Your task :: In the records below, find the line containing "Künstler-AK Emil Beithan: Schwarzwälder" and the line containing "Fitness Cheerleading Yoga". Give again exactly those lines and every line between them, omitting the pictures.

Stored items
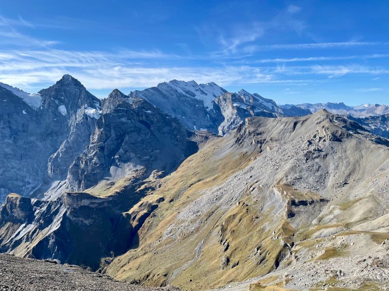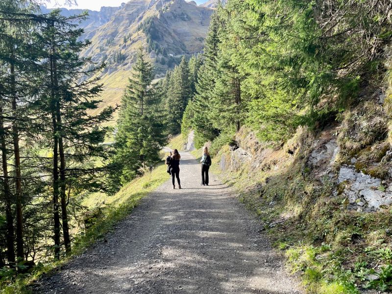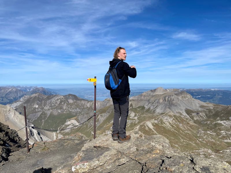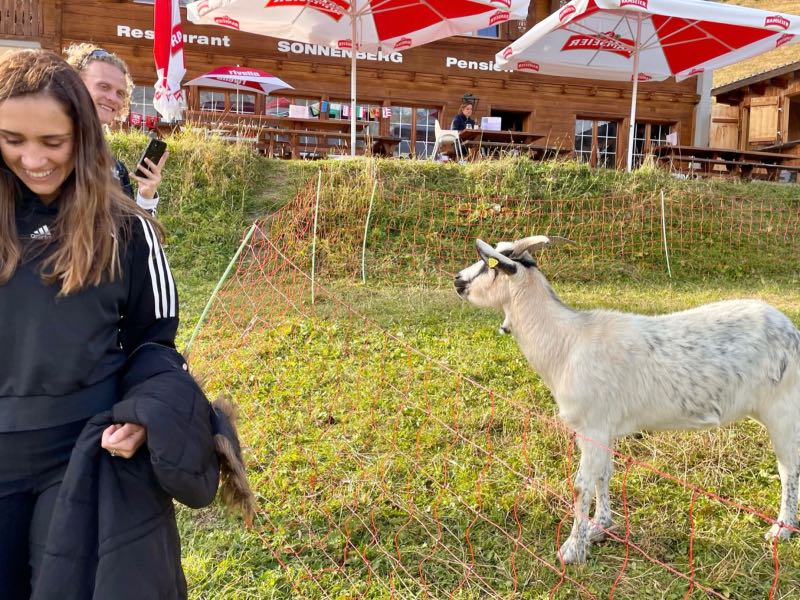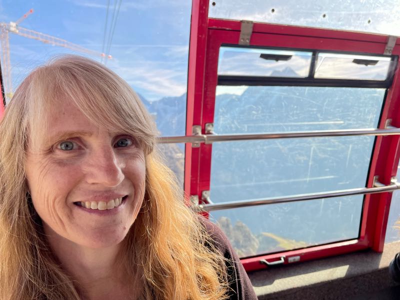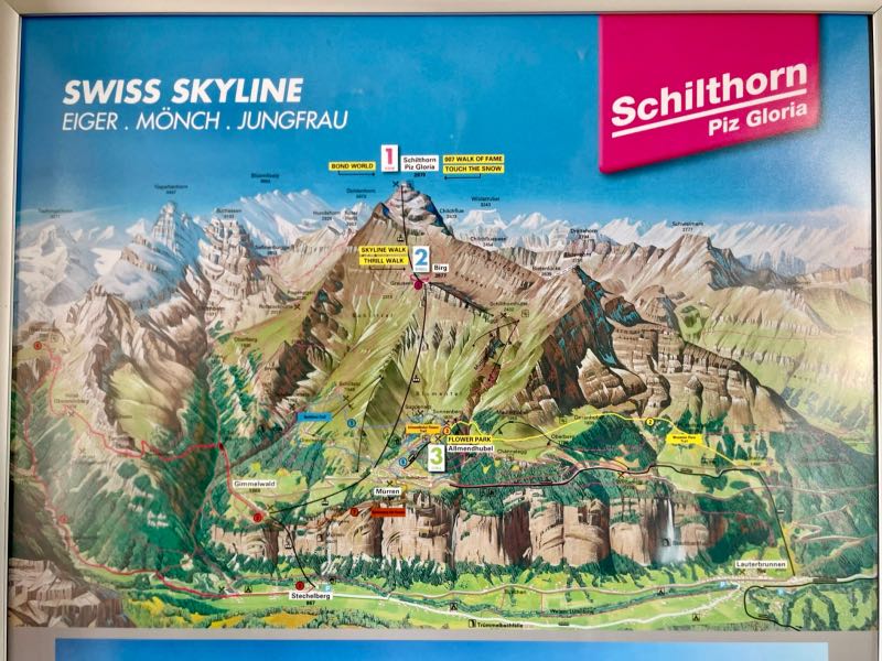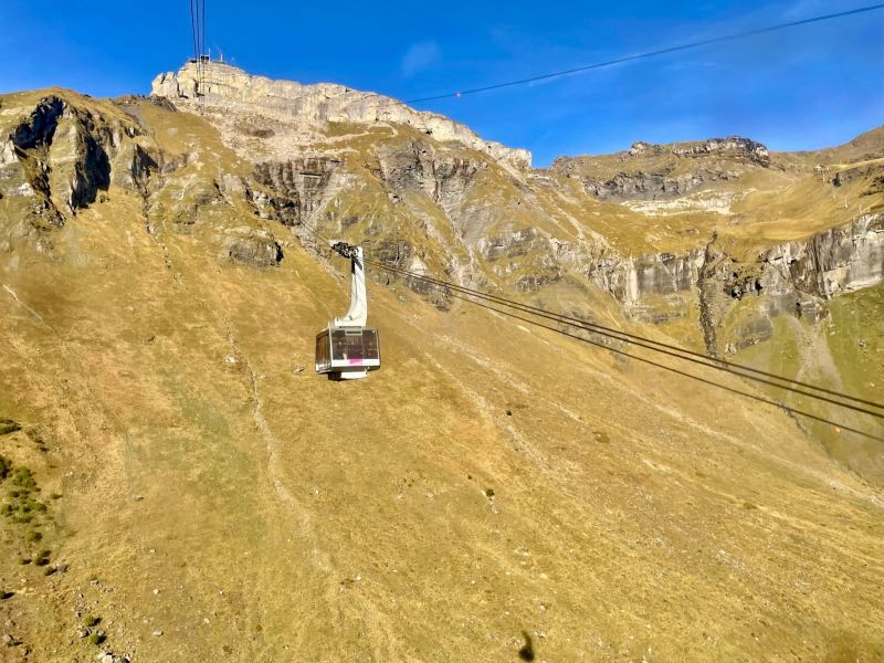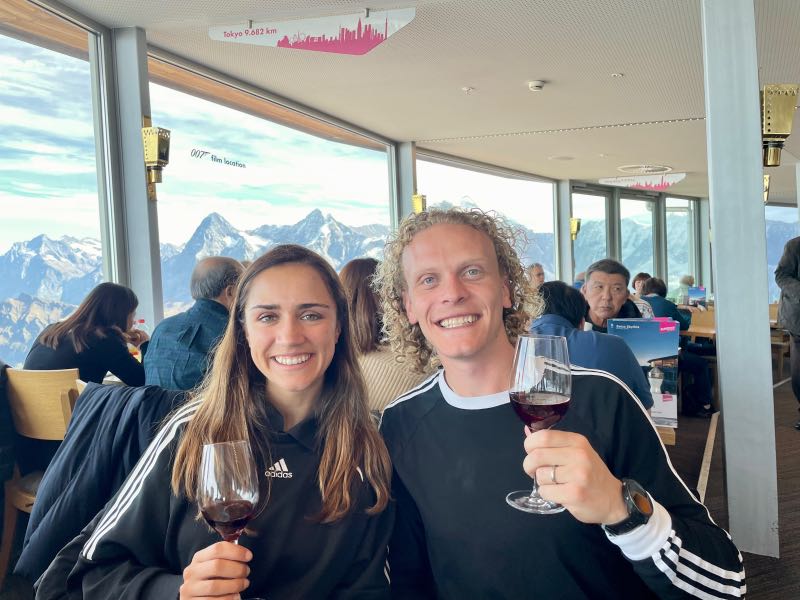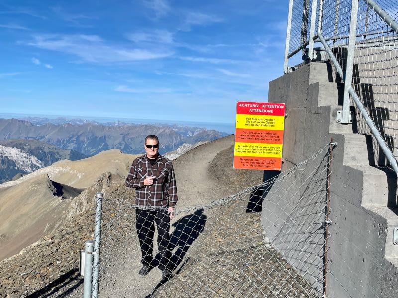 Tim offered to take a picture for another couple at the summit, and after, they reciprocated and took a few of Tim and Monique. The two couples spent much of the rest of the day exploring mountains and sharing a meal together in the 360-degree rotating restaurant at the top of the Schilthorn. It was one of their most pleasant surprises to meet other people on the trip who enjoyed exploring and hiking as Tim and Monique did. After both couples went their separate ways when lunch was finished, they made a loose agreement to try and meet up later for another hike that Tim & Monique had planned to do later in the day. On the way down the mountain at a stop in Berg, Monique became a bit more adventurous on the thrill walk, as seen in the videos below.
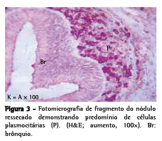 Os autores salientam também o fato de que a variante histológica reportada apresentou-se clinicamente, no caso particularizado, por uma forma nodular parenquimatosa, com uma evolução favorável, contrariamente ao que seria de se esperar no subtipo plasmocítico.
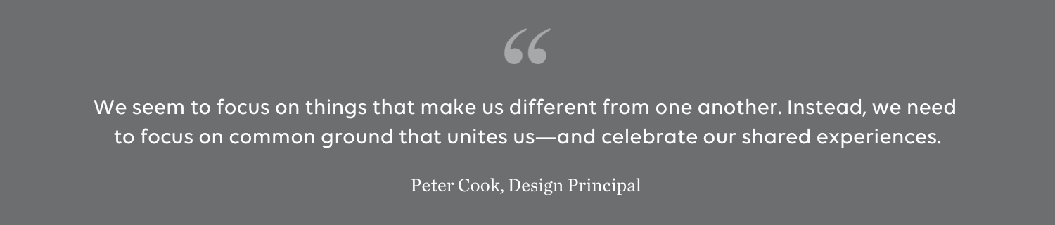And yet all these years later, we’re still wrestling with those very same issues, compounded by many more issues. We seem to focus on things that make us different from one another. Instead, we need to focus on common ground that unites us—and celebrate our shared experiences.
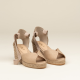 Felicia est une sandale espadrille à talon moyen, dotée de brides ouvertes, d’une fermeture à boucle et confectionnée en daim à la texture douce et contemporaine.
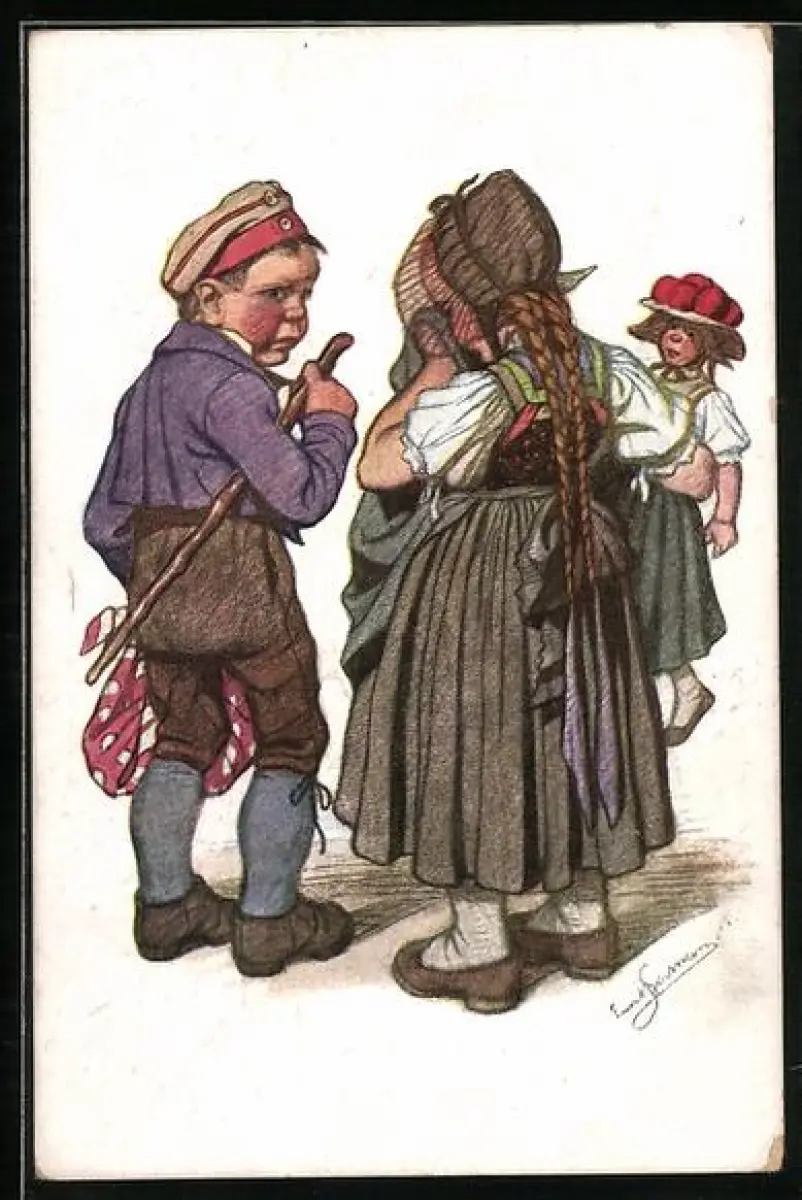 Künstler-AK Emil Beithan: Schwarzwälder Tracht, Mädchen weint beim Abschied
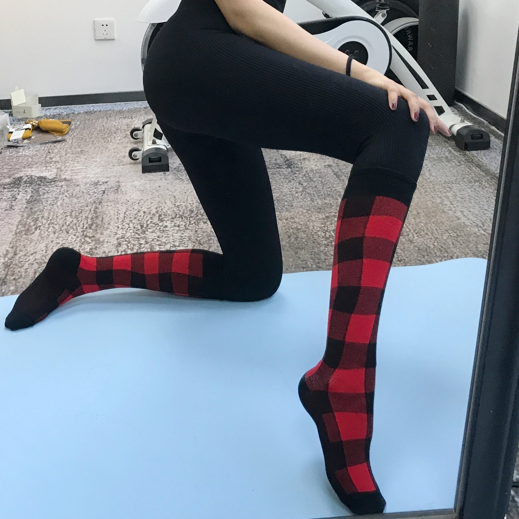 Fitness Cheerleading Yoga Sport kalv Socks knälängd löpning i rörstrumpor
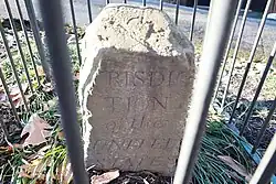 In 1915, various local chapters of the Daughters of the American Revolution (DAR) began to place fences around each of the markers.[2][10][12] The DAR also placed at the exact center of the original federal territory a marker stone that was located about a half of a mile from the White House and was near the DAR's Memorial Continental Hall.[10]
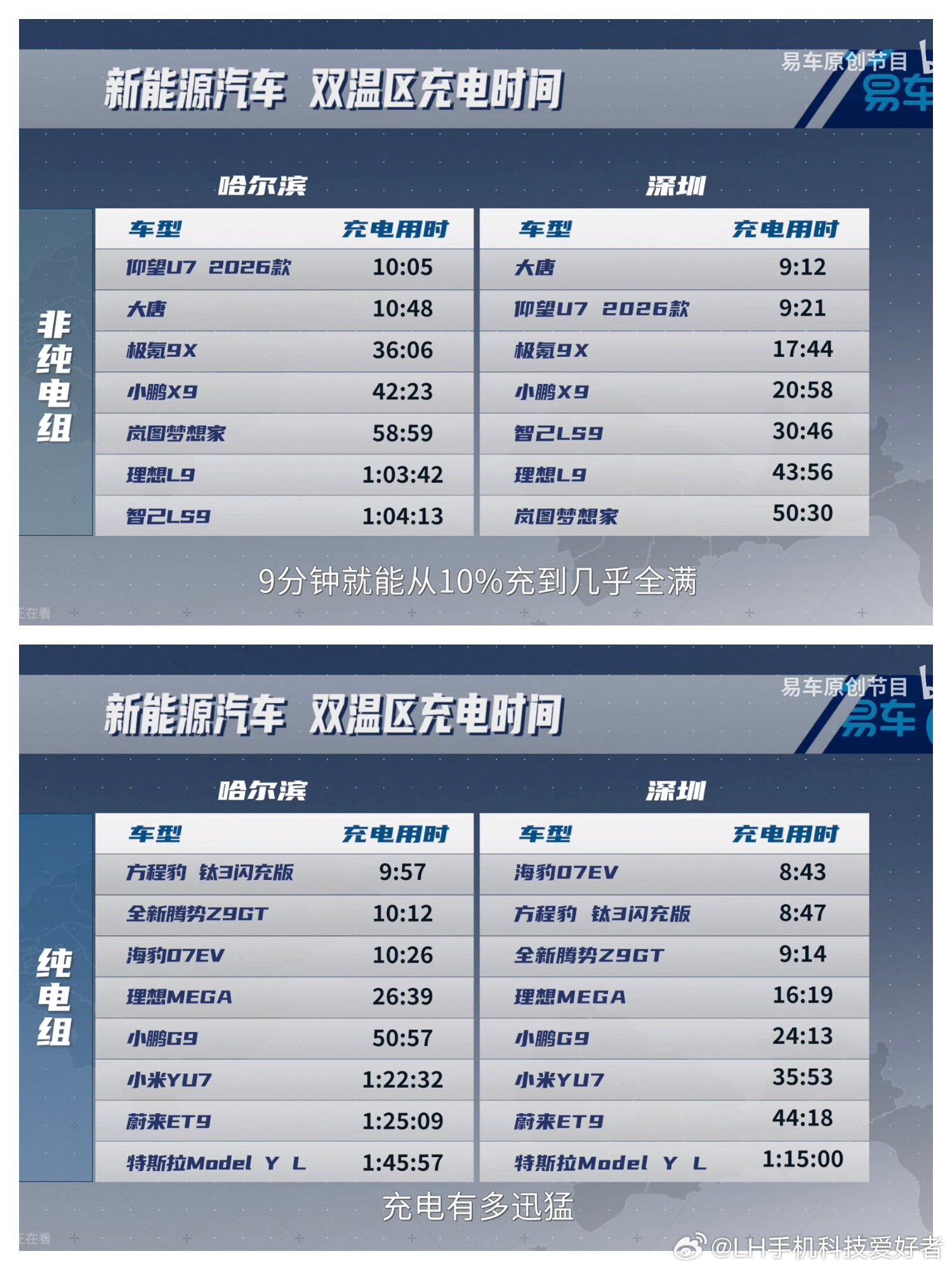 可以看到,基本上比亚迪闪充车型是断层式领先的,无论是常温环境还是零下十几度的哈尔滨,比亚迪的车型都是9分钟、10分钟这个区间充饱的。无论是插电混动还是纯电,都是遥遥领先的存在。

Reply ::
 Künstler-AK Emil Beithan: Schwarzwälder Tracht, Mädchen weint beim Abschied
 Fitness Cheerleading Yoga Sport kalv Socks knälängd löpning i rörstrumpor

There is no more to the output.